• **Records for the exercise**
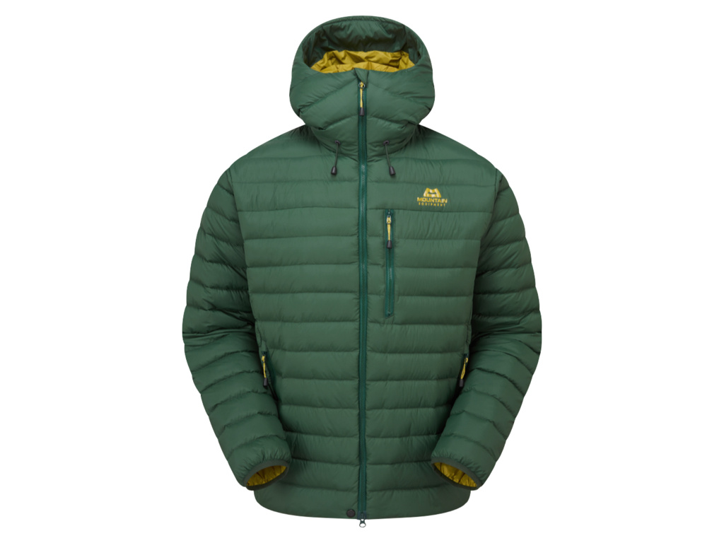 Lehká péřová bunda s kapucí plněná 100% recyklovaným peřím a ušitá ze 100% recyklované látky. To je model MOUNTAIN EQUIPMENT Earthrise.
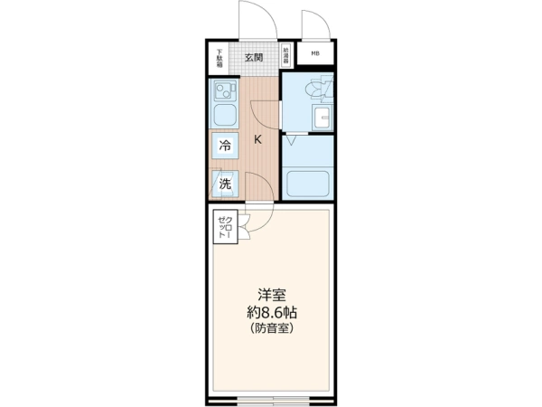 | 間取 | 1K (洋:8.6帖・K:帖) |
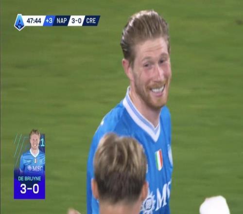 此役主场对阵克雷莫内塞,首发出战的德布劳内在上半场补时阶段打入一球,帮助那不勒斯取得3-0领先。
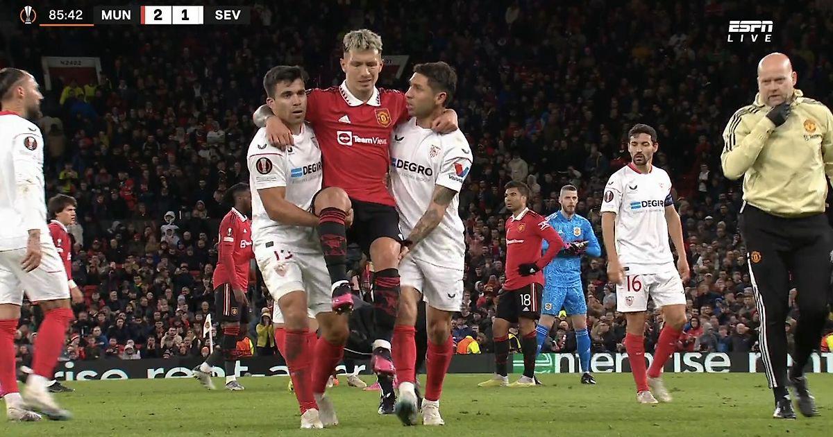 Лисандро не мог наступать на ногу. Аргентинцы из «Севильи» Маркос Акунья и Гонсало Монтьель вынесли футболиста «Манчестер Юнайтед» за поле.
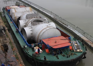 杭氧集團(tuán)在廣西杭氧盛隆投的8萬(wàn)m3/h空分設(shè)備  (國(guó)內(nèi)首套)已于2013年8月投入運(yùn)行,該8萬(wàn)空分設(shè)備的空冷、水冷塔是有美克斯機(jī)械制造,最終使用水路運(yùn)輸?shù)竭_(dá)目的地。

• **What is expected**
This exercise calls for the records to be given again exactly, without the images.

• **Completed exercise**
 Lehká péřová bunda s kapucí plněná 100% recyklovaným peřím a ušitá ze 100% recyklované látky. To je model MOUNTAIN EQUIPMENT Earthrise.
 | 間取 | 1K (洋:8.6帖・K:帖) |
 此役主场对阵克雷莫内塞,首发出战的德布劳内在上半场补时阶段打入一球,帮助那不勒斯取得3-0领先。
 Лисандро не мог наступать на ногу. Аргентинцы из «Севильи» Маркос Акунья и Гонсало Монтьель вынесли футболиста «Манчестер Юнайтед» за поле.
 杭氧集團(tuán)在廣西杭氧盛隆投的8萬(wàn)m3/h空分設(shè)備  (國(guó)內(nèi)首套)已于2013年8月投入運(yùn)行,該8萬(wàn)空分設(shè)備的空冷、水冷塔是有美克斯機(jī)械制造,最終使用水路運(yùn)輸?shù)竭_(dá)目的地。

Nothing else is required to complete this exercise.